Need more information.

16 views
Skip to first unread message

bllackeye

unread,
Jul 19, 2009, 3:21:20 PM7/19/09
to OBSearch-Users
Hi,

I am building up a 3d shape search engine(Open source) for searching
similarity shapes. I have already done the feature extraction part,
now I need to have a good similarity search engine.

I have already tried xxl, but it seems to me that xxl package is not a
full implementation of similarity search. I tried multiple space
filling curve scheme too, it is faster, but it could only give
approximate result.

Eventually, I came to your project, it seems that a lot of work has
been done here. But I still have some doubt about your projects.
Firstly, it seems that somehow you managed to map a multi-dimensional
vector into a long number( I suppose that SMAP is for the mapping),
can you please tell me how you make that possible. Secondly, I am
wondering whether you could publish some performance test data, which
will be very helpful to users like me.

Thanks you very much.

LIU

Arnoldo Muller

unread,
Jul 20, 2009, 1:45:20 AM7/20/09
to obsearc...@googlegroups.com
Dear Liu:


Thank you for your interest in OBSearch.

OBSearch contains several indexes like the P+Tree (exact) and the
GH-sketch (inexact).
Regarding SMAP or pivot embeddings take a look at:

Pivot selection techniques for proximity searching in metric spaces

By Bustos and Navarro. It will give you a good introduction on the
topic. Regarding the long mapping, the technique is very new and it
will be presented at the upcoming SISAP 2009 conference (Czech
Republic).

I will find out if I can publish the paper now with them and I will
get back to you. In the paper you will find the details of the
technique and some performance numbers. Thank you for your suggestion,
I think we should have some perf. numbers in the webpage.

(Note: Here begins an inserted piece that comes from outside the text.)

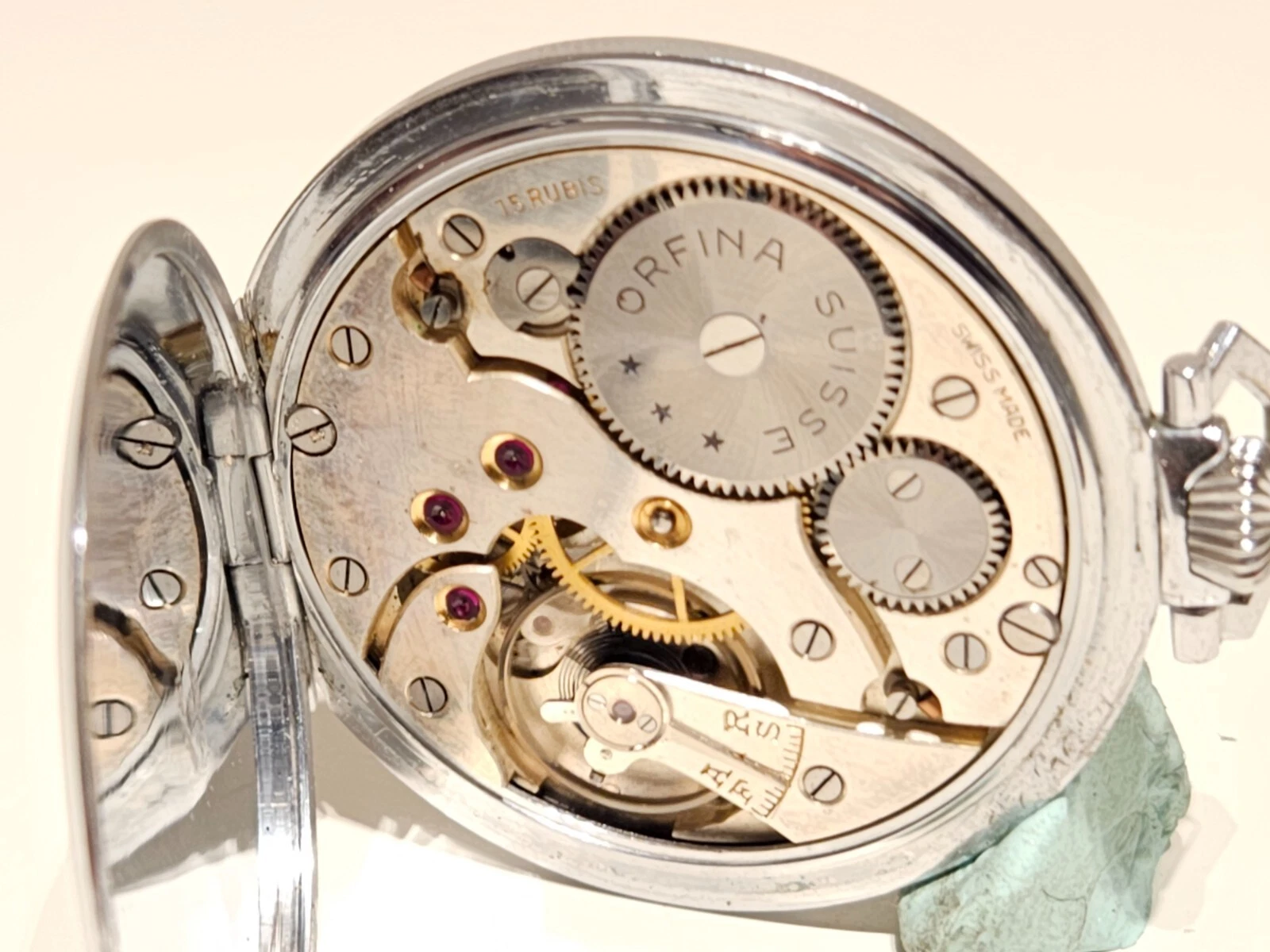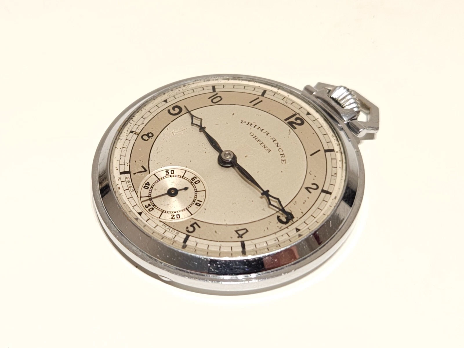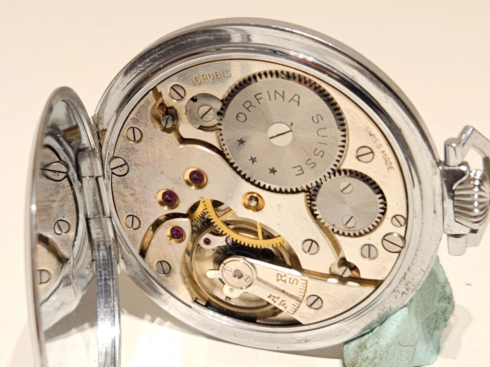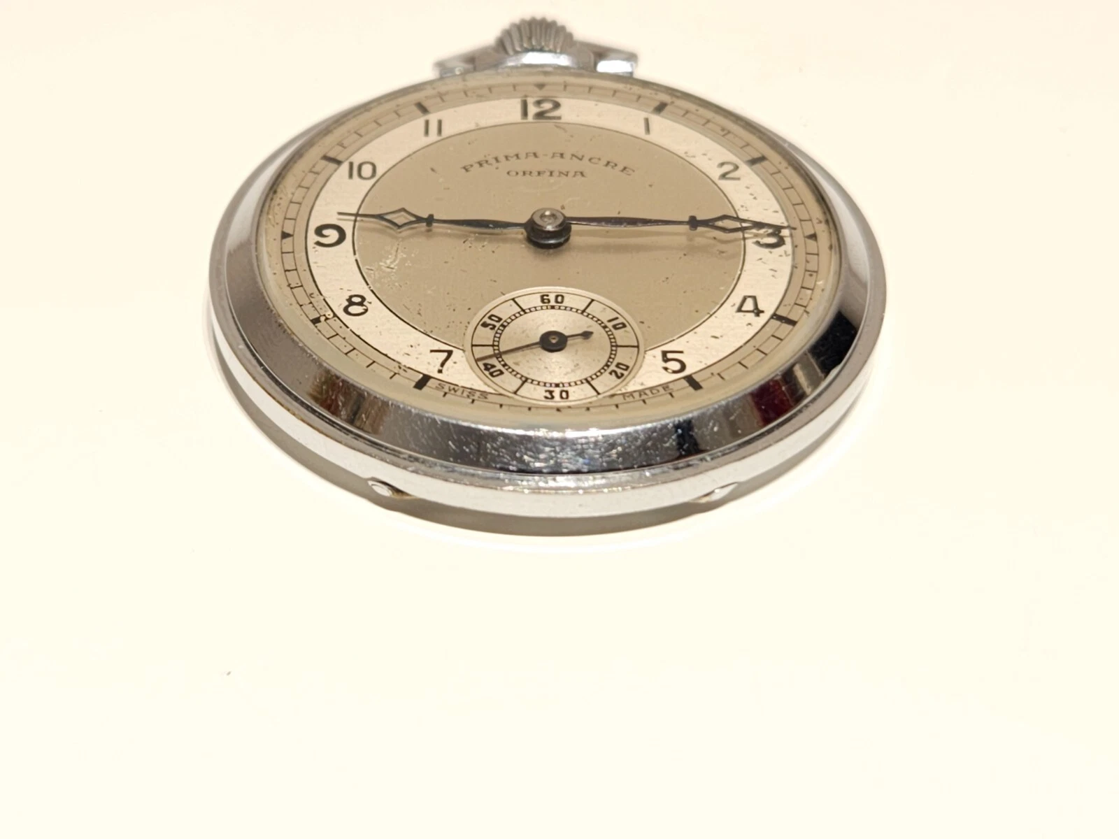VINTAGE WW2 ERA PRIZE MEN'S SWISS OPEN FACE POCKET WATCH "ORFINA" PRIMA ANCRE

Thanks again and I will get back to you soon!

Arnoldo

Arnoldo Muller

unread,
Jul 20, 2009, 11:22:00 AM7/20/09
to obsearc...@googlegroups.com
Dear Liu:

So here it is the paper that explains about the X -> long mapping.
Please let me know if you have further questions. The current
implementation will benefit if you use a x64 machine.

How big is the dataset that you are planning to use? How many objects
are you planning to insert?

Thanks,

Arnoldo
paper.pdf

chaoyang liu

unread,
Jul 20, 2009, 11:48:12 AM7/20/09
to obsearc...@googlegroups.com
Hi, Arnoldo

Thank you so much for your information.

My application is targeting middle size organization for the time being. So the size of dataset ranges from a few thousands to 100 thousands for now. But I have a plan to make it support more than 1 million of objects. As you know, for  a search solution,  it only becomes valuable when there is a big dataset available.

I tried xxl package with a test dataset with 2,000 objects,  the search performance was not to my satisfaction. It takes 40 milliseconds to retrieve 10 most similar objects.  This is why I spent time looking around and eventually find your project. 

I think matrix search will play a very important role in the near future, especially in the multi-media search applications which just get started in recent years. And there is no commerical products available from those big database players yet.  So I think you are doing a great thing,  I am wondering how far you want to persure with Obsearch, and if you need someone to help you out with the development, please let me know.

Thank you.

LIU

Arnoldo Muller

unread,
Jul 28, 2009, 1:17:21 AM7/28/09
to obsearc...@googlegroups.com
Dear Liu:

Sorry for the delay. I was very busy last week...

The size of your app is perfect for the Tokyo Cabinet backed.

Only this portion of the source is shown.